As defenders continue the work of remediating the various Log4j vulnerabilities in their environments, researchers are beginning to discover similar flaws related to JNDI remote class loading in other tools. This week, researchers disclosed a JNDI-related vulnerability in the H2 database console that can allow unauthenticated remote code execution.
H2 is an open source database that is used in a wide range of projects and products, including IoT platforms. It is lightweight and doesn’t write data to disk, so it is flexible and researchers at JFrog, a software management platform provider, discovered a JNDI-related vulnerability in many versions of the H2 console. The flaw (CVE-2021-42392) allows an attacker to execute arbitrary code on a vulnerable server by sending a malicious request.
“In a nutshell, the root cause is similar to Log4Shell – several code paths in the H2 database framework pass unfiltered attacker-controlled URLs to the javax.naming.Context.lookup function, which allows for remote codebase loading (AKA Java code injection AKA remote code execution),” Andrey Polkovnychenko and Shachar Menashe of JFrog wrote in a post explaining the bug.
“Specifically, the org.h2.util.JdbcUtils.getConnection method takes a driver class name and database URL as parameters.
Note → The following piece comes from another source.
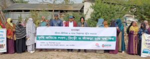 Shyamnagar, Satkhira, 21 December 2025: Shrimp and crab farming by introducing saline water into agricultural land is destroying cropland, reducing soil fertility, and severely impacting the livelihoods of local people. Due to this, food production is decreasing, and the agriculture-dependent population is facing long-term risks. Therefore, it is essential to halt salt, shrimp, and crab farming on agricultural land to ensure livelihoods and food security. The entry of saline water into agricultural land must be completely stopped, effective laws must be implemented to prohibit shrimp and crab farming in cropland, alternative income and rehabilitation measures must be ensured for the affected farmers, and land use changes must be stopped without the consent of the local people. We must return to agriculture.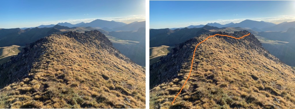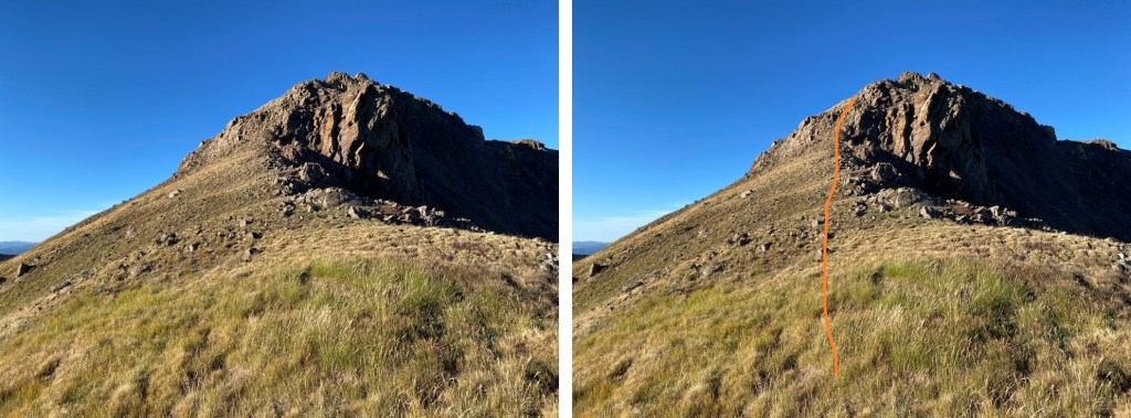 And here’s the class 2+ option, heading southwest, and then gaining the ridge

If the driver’s class is assignable to the javax.naming.Context class, the method instantiates an object from it and calls its lookup method.”
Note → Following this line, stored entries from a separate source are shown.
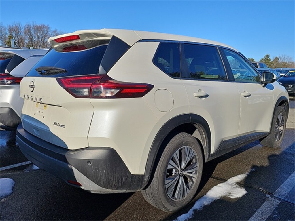 Recent Arrival! Pearl White Tricoat 2023 Nissan Rogue SV 1.5L I3 Turbocharged DOHC 12V LEV3-ULEV50 201hp CVT with Xtronic AWD Certified. Rogue SV, Nissan Certified Certified, 4D Sport Utility, 1.5L I3 Turbocharged DOHC 12V LEV3-ULEV50 201hp, CVT with Xtronic, AWD, Pearl White Tricoat, Light Gray Cloth, 18" Aluminum Alloy Wheels, 4-Wheel Disc Brakes, 5.604 Axle Ratio, 6 Speakers, ABS brakes, Air Conditioning, Alloy wheels, AM/FM Radio, AM/FM radio: SiriusXM, Auto High-beam Headlights, Automatic temperature control, Backup Camera, Brake assist, Bumpers: body-color, Cloth Seat Trim, Delay-off headlights, Driver door bin, Driver vanity mirror, Dual front impact airbags, Dual front side impact airbags, Electronic Stability Control, Emergency communication system: NissanConnect Services, First Aid Kit, Floor Mats w/1-Piece Cargo Area Protector, Four wheel independent suspension, Front anti-roll bar, Front Bucket Seats, Front Center Armrest, Front dual zone A/C, Front reading lights, Fully automatic headlights, Heated door mirrors, Illuminated entry, Knee airbag, Low tire pressure warning, NissanConnect featuring Apple CarPlay and Android Auto, Occupant sensing airbag, Outside temperature display, Overhead airbag, Overhead console, Panic alarm, Passenger door bin, Passenger vanity mirror, Power door mirrors, Power driver seat, Power steering, Power windows, Radio data system, Rear anti-roll bar, Rear seat center armrest, Rear side impact airbag, Rear window defroster, Rear window wiper, Remote keyless entry, Speed control, Speed-Sensitive Wipers, Split folding rear seat, Spoiler, Steering wheel mounted audio controls, Tachometer, Telescoping steering wheel, Tilt steering wheel, Traction control, Trip computer, Variably intermittent wipers.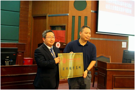 会上,学院党总支书记胡小波为国海证券股份有限公司(广东分公司)授予“实践教学基地”牌匾,期盼校企双方能够在人才培养、实习、就业等方面深入合作。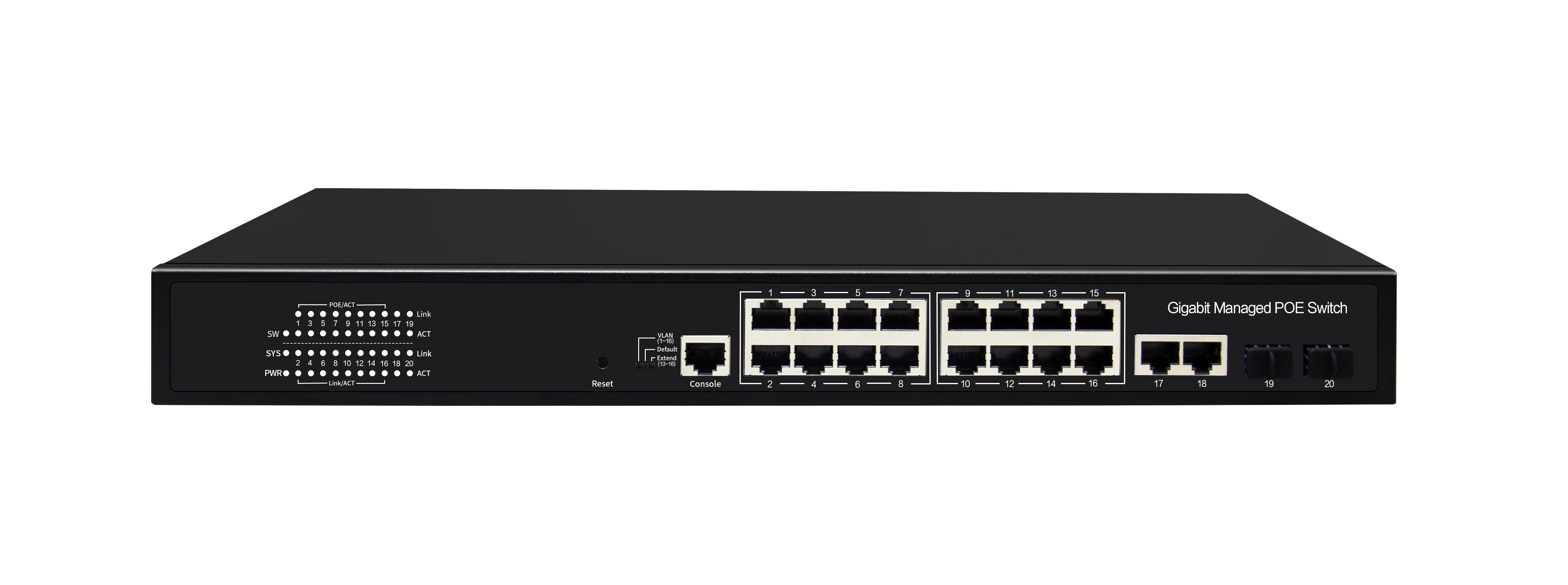 16個千兆PoE網(wǎng)口+2個千兆上行網(wǎng)口+2個千兆SFP光口+1個Console口網(wǎng)管型商業(yè)級POE交換機

The vulnerability affects versions of the H2 console going back to 2008, from version 1.1.100 to 2.0.204. The H2 maintainers have released an updated version, 2.0.206, that remediates the flaw.
The most likely and problematic attack vector is through the H2 web console, which is included with the database package.
“Access to the console is protected by a login form, which allows passing the “driver” and “url” fields to the corresponding fields of JdbcUtils.getConnection. This leads to unauthenticated RCE, since the username and password are not validated before performing the lookup with the potentially malicious URL,” the JFrog post says.
There are some mitigating factors in this situation, most importantly the fact that the H2 console is only accessible locally by default. Users can change that configuration if they wish, but the default option is local access only.
“H2 Console doesn't accept remote connections by default. If remote access was enabled explicitly and some protection method (such as security constraint) wasn't set, an intruder can load own custom class and execute its code in a process with H2 Console (H2 Server process or a web server with H2 Console servlet),” the H2 advisory says.
The H2 database is included in a huge number of other packages and apps, so the effects of this flaw could be widespread.